-- INPUT DATA follows --
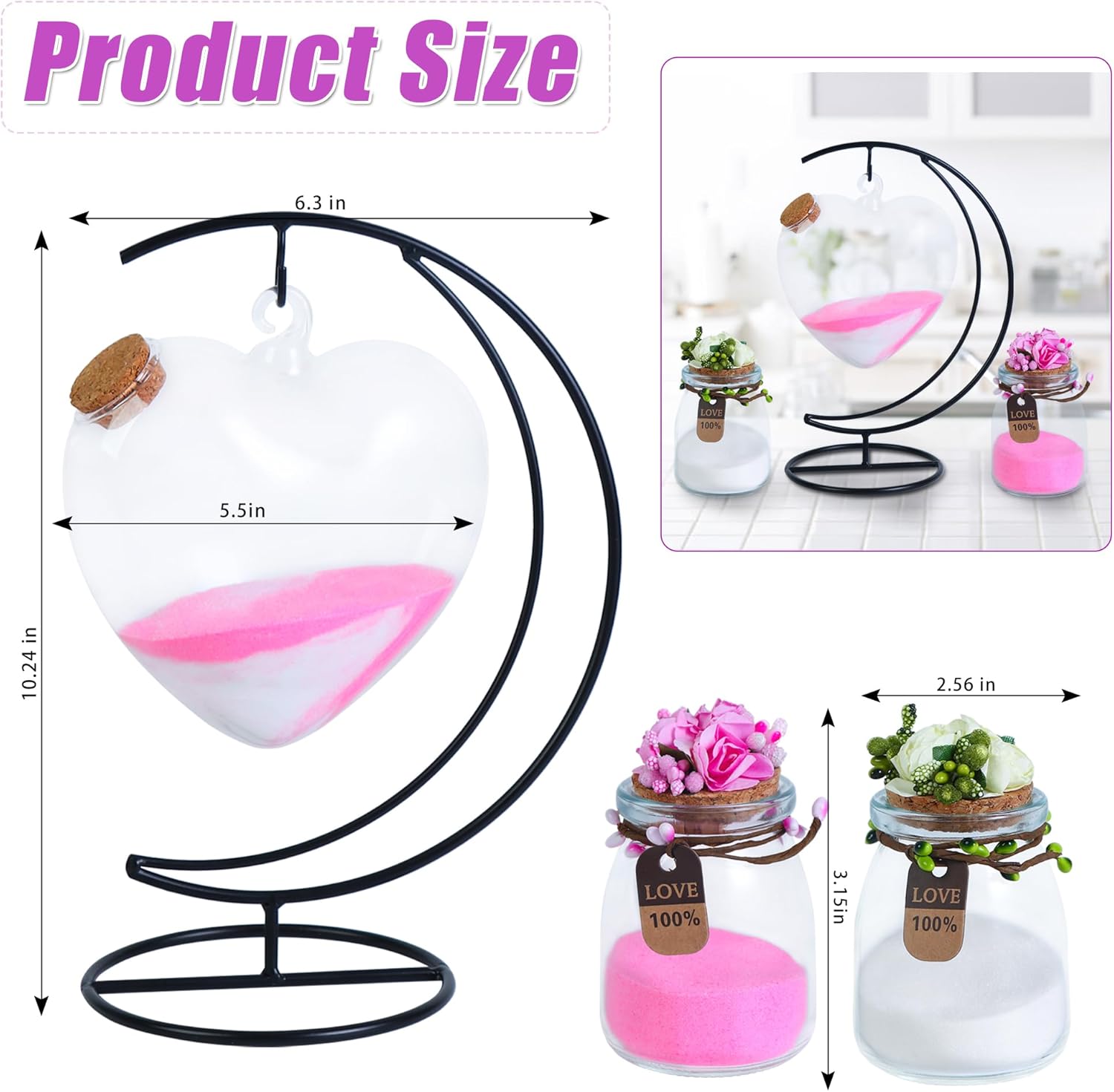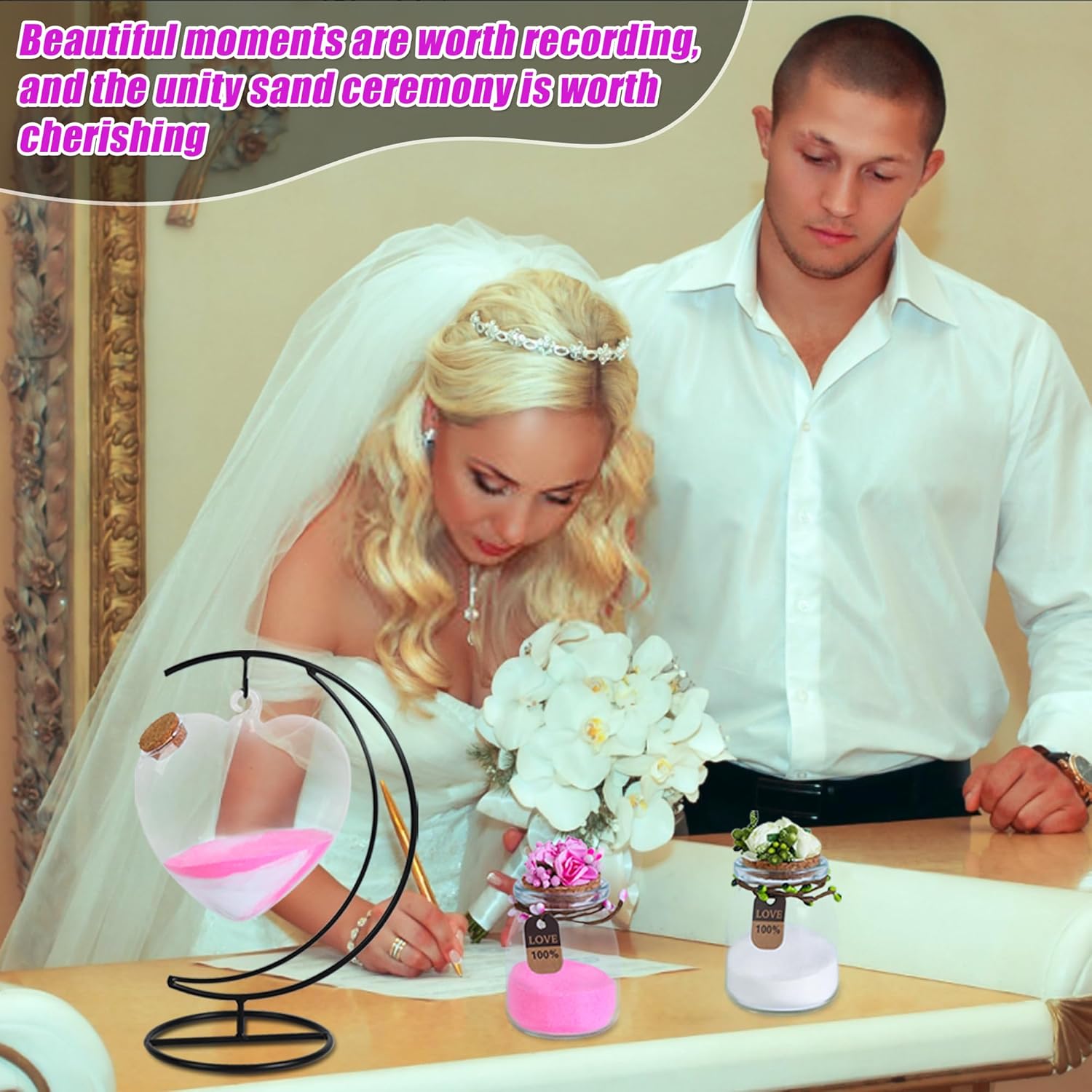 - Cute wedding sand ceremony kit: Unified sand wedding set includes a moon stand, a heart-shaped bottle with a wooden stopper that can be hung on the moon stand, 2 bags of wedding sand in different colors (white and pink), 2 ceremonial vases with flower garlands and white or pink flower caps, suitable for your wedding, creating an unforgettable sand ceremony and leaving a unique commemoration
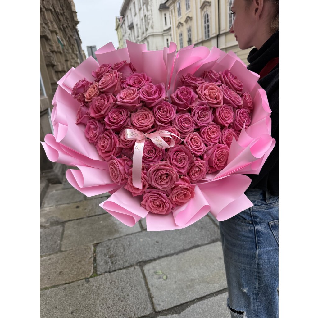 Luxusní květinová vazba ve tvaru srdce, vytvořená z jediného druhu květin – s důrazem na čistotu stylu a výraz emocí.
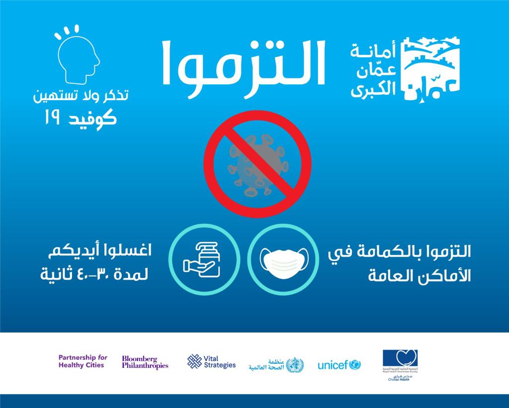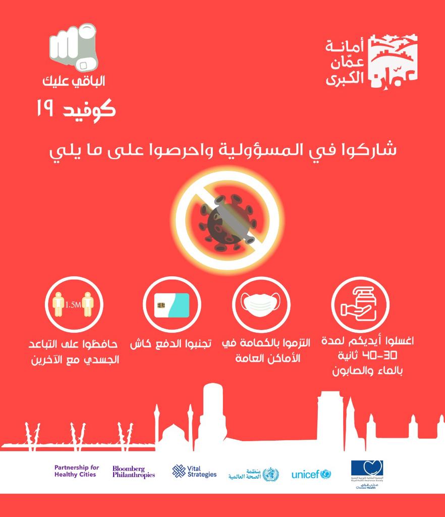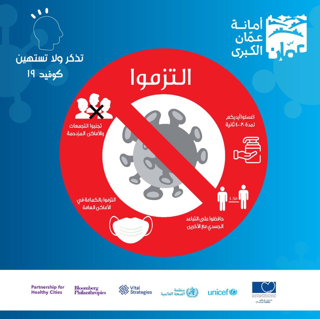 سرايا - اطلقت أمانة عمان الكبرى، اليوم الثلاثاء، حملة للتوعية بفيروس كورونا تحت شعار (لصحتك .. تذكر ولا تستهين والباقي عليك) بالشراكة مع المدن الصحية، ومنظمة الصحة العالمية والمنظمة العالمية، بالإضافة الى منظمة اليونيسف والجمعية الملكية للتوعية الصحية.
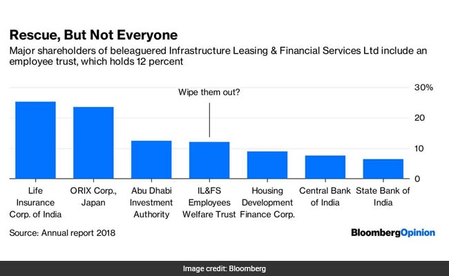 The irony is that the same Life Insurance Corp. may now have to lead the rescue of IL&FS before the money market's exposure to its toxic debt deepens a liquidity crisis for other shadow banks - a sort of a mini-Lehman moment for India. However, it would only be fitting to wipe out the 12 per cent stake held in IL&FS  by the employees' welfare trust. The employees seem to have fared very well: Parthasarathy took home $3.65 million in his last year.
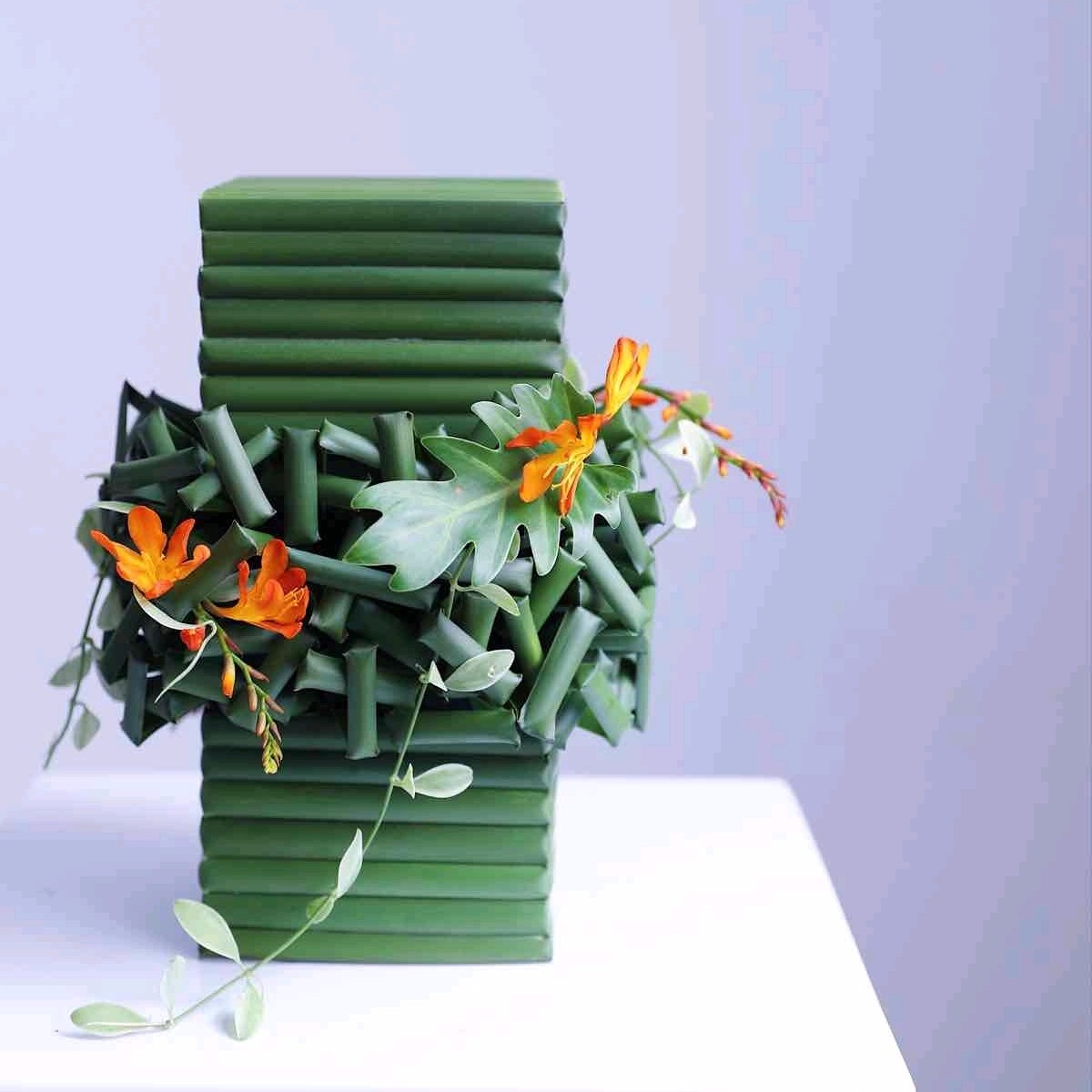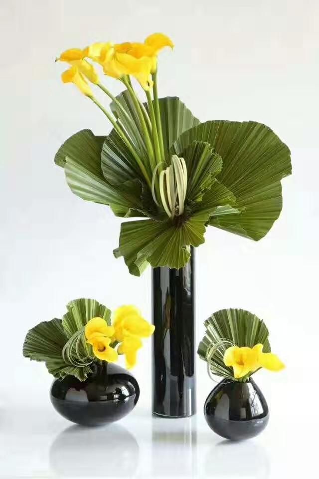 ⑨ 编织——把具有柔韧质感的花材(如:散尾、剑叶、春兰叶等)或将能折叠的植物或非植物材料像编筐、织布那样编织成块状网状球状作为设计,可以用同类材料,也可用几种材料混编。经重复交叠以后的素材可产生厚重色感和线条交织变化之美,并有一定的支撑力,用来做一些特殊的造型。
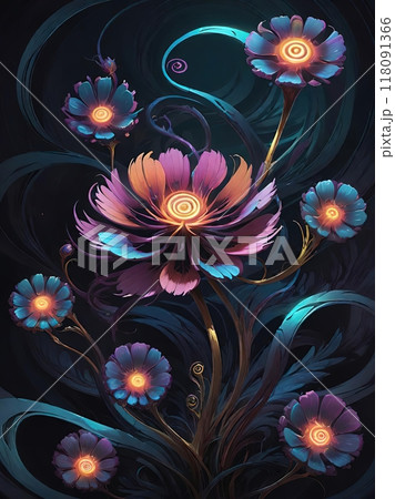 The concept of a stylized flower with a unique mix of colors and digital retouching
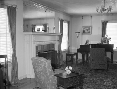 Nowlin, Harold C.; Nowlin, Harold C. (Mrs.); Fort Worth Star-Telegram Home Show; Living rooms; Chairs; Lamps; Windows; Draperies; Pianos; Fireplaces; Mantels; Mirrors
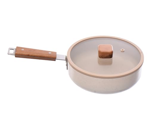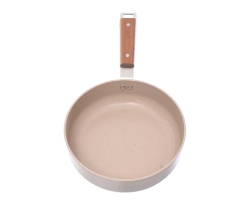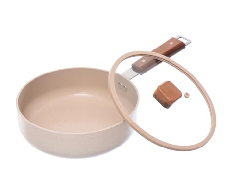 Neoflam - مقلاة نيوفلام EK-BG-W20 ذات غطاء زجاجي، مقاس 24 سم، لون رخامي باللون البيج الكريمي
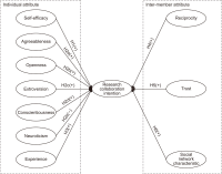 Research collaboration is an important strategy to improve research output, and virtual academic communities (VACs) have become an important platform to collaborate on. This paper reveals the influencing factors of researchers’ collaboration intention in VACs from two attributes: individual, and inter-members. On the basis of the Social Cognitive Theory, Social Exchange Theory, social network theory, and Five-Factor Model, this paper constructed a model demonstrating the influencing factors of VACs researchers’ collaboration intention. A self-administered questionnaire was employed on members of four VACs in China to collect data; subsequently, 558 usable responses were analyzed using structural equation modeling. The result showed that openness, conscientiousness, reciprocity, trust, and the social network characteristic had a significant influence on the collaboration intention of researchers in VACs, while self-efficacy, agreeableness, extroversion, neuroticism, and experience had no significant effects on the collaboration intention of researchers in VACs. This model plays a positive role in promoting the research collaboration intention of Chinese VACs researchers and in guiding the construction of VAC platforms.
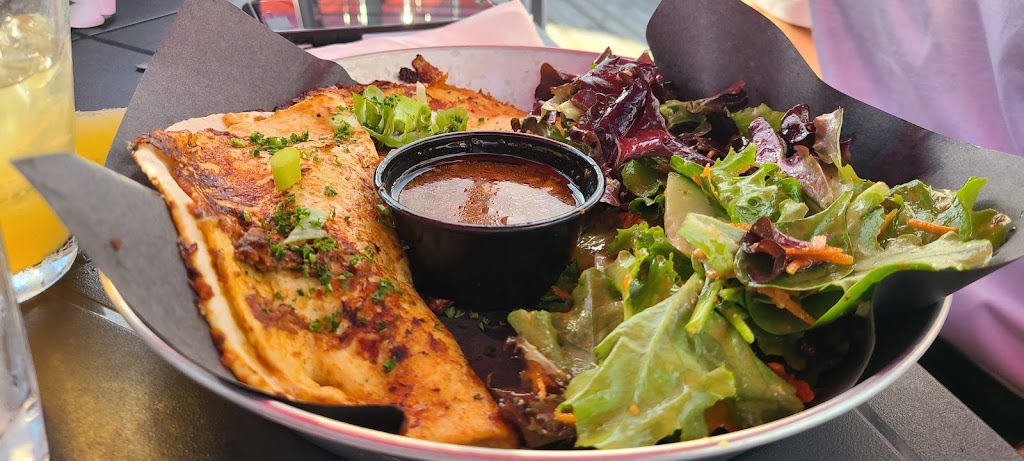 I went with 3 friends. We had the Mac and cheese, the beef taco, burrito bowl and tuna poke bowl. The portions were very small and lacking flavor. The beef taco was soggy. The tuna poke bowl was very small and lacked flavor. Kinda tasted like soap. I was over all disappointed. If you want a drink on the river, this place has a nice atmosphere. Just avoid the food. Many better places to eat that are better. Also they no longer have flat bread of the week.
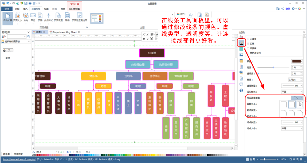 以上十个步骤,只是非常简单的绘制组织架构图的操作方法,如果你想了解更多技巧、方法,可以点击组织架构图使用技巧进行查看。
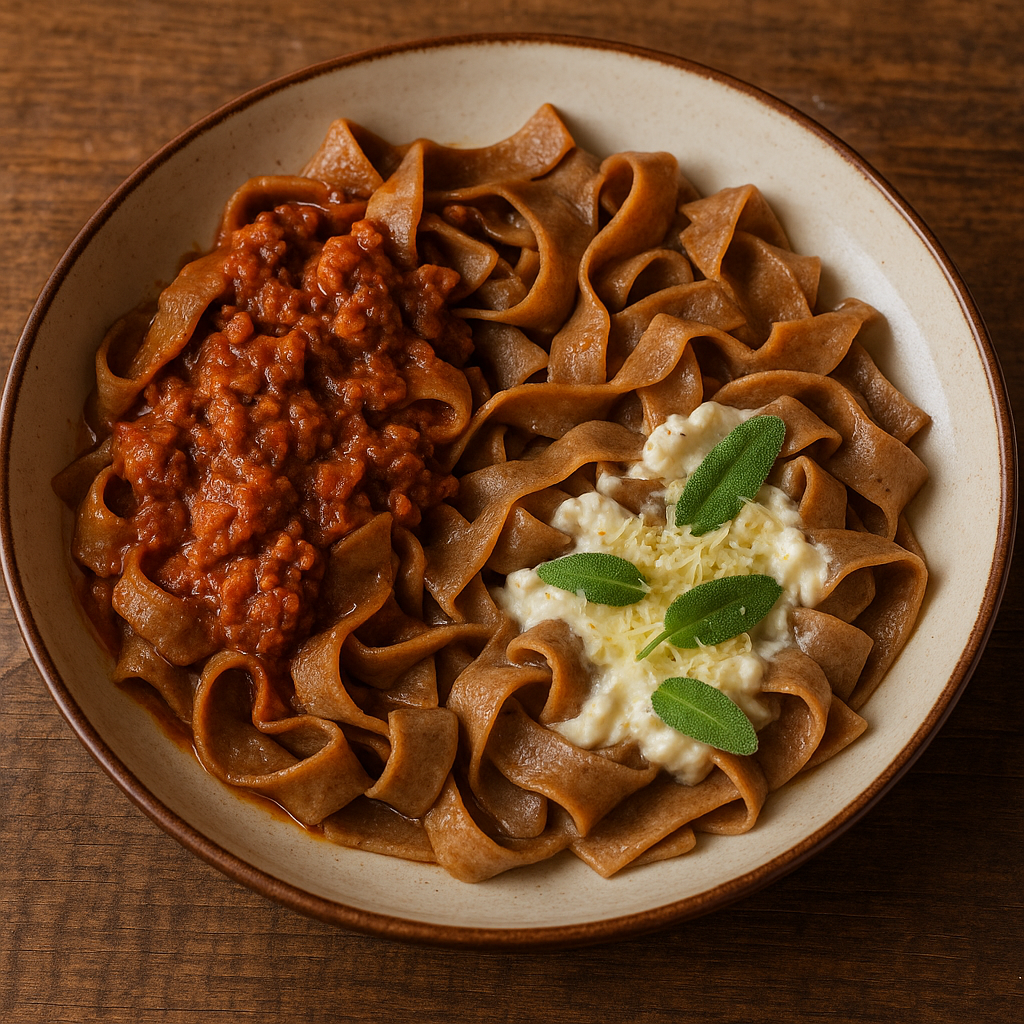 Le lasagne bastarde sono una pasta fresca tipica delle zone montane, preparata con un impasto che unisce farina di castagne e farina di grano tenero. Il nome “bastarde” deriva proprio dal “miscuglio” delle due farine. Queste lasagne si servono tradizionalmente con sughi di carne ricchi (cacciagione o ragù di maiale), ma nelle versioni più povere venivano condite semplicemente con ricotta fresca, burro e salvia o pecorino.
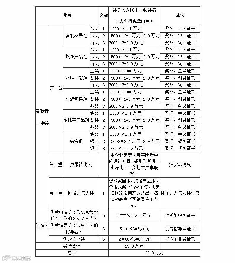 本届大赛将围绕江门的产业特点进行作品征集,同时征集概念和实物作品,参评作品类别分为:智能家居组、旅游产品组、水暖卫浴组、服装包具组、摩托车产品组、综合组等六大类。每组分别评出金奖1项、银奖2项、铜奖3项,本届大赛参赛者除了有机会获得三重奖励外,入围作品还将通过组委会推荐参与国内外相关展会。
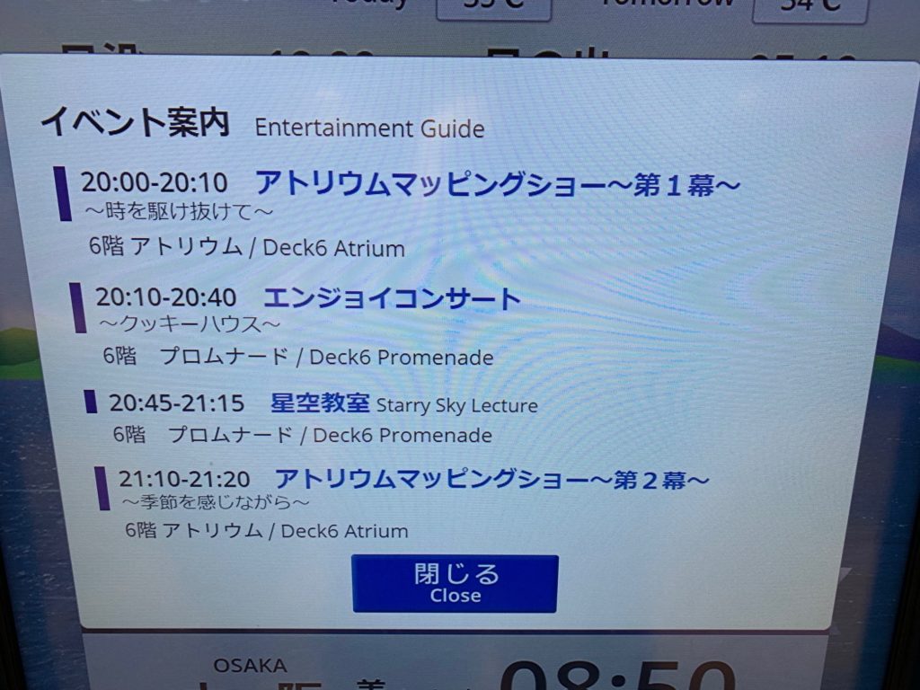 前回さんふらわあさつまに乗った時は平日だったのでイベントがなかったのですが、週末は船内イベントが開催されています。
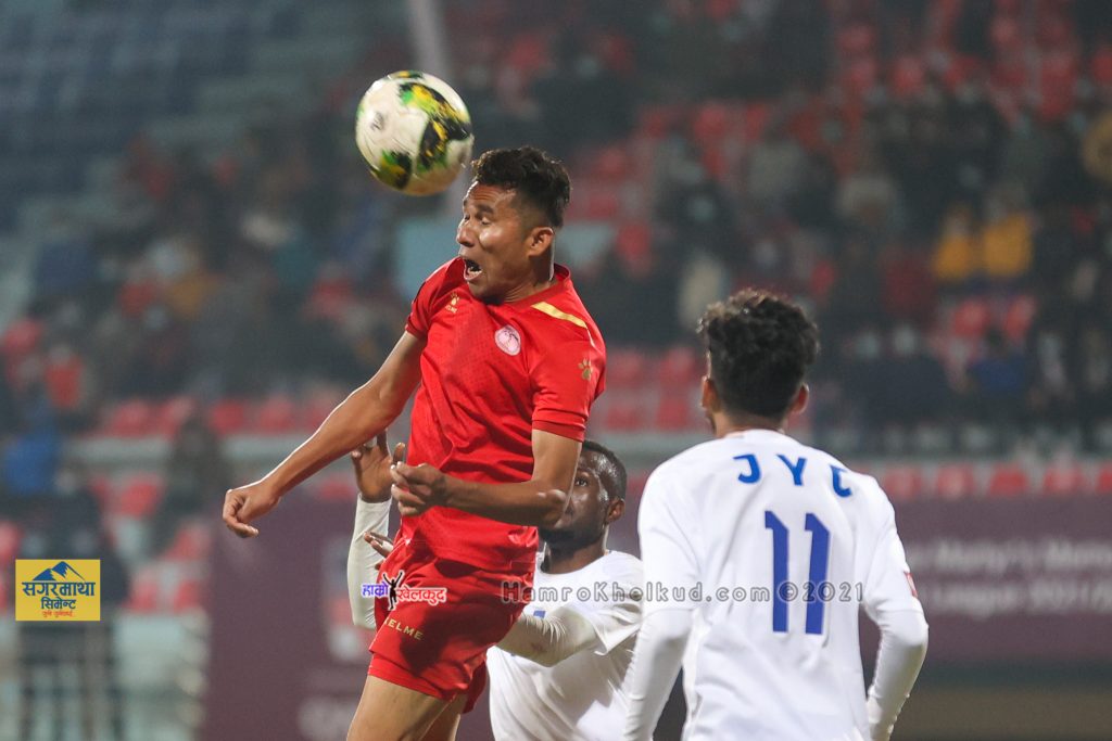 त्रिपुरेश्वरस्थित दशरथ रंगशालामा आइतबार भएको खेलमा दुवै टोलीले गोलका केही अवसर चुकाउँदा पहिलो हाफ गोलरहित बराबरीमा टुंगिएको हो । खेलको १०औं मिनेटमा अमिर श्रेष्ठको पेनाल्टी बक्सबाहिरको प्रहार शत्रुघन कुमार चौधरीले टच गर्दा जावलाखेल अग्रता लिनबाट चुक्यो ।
-- INPUT DATA concluded --
_PROMPT_. Lines before the one containing "本届大赛将围绕江门的产业特点" are not wanted; write out that line and every later line through the end of the data above, exactly, without pictures.

_SOLVED EXERCISE_.
 本届大赛将围绕江门的产业特点进行作品征集,同时征集概念和实物作品,参评作品类别分为:智能家居组、旅游产品组、水暖卫浴组、服装包具组、摩托车产品组、综合组等六大类。每组分别评出金奖1项、银奖2项、铜奖3项,本届大赛参赛者除了有机会获得三重奖励外,入围作品还将通过组委会推荐参与国内外相关展会。
 前回さんふらわあさつまに乗った時は平日だったのでイベントがなかったのですが、週末は船内イベントが開催されています。
 त्रिपुरेश्वरस्थित दशरथ रंगशालामा आइतबार भएको खेलमा दुवै टोलीले गोलका केही अवसर चुकाउँदा पहिलो हाफ गोलरहित बराबरीमा टुंगिएको हो । खेलको १०औं मिनेटमा अमिर श्रेष्ठको पेनाल्टी बक्सबाहिरको प्रहार शत्रुघन कुमार चौधरीले टच गर्दा जावलाखेल अग्रता लिनबाट चुक्यो ।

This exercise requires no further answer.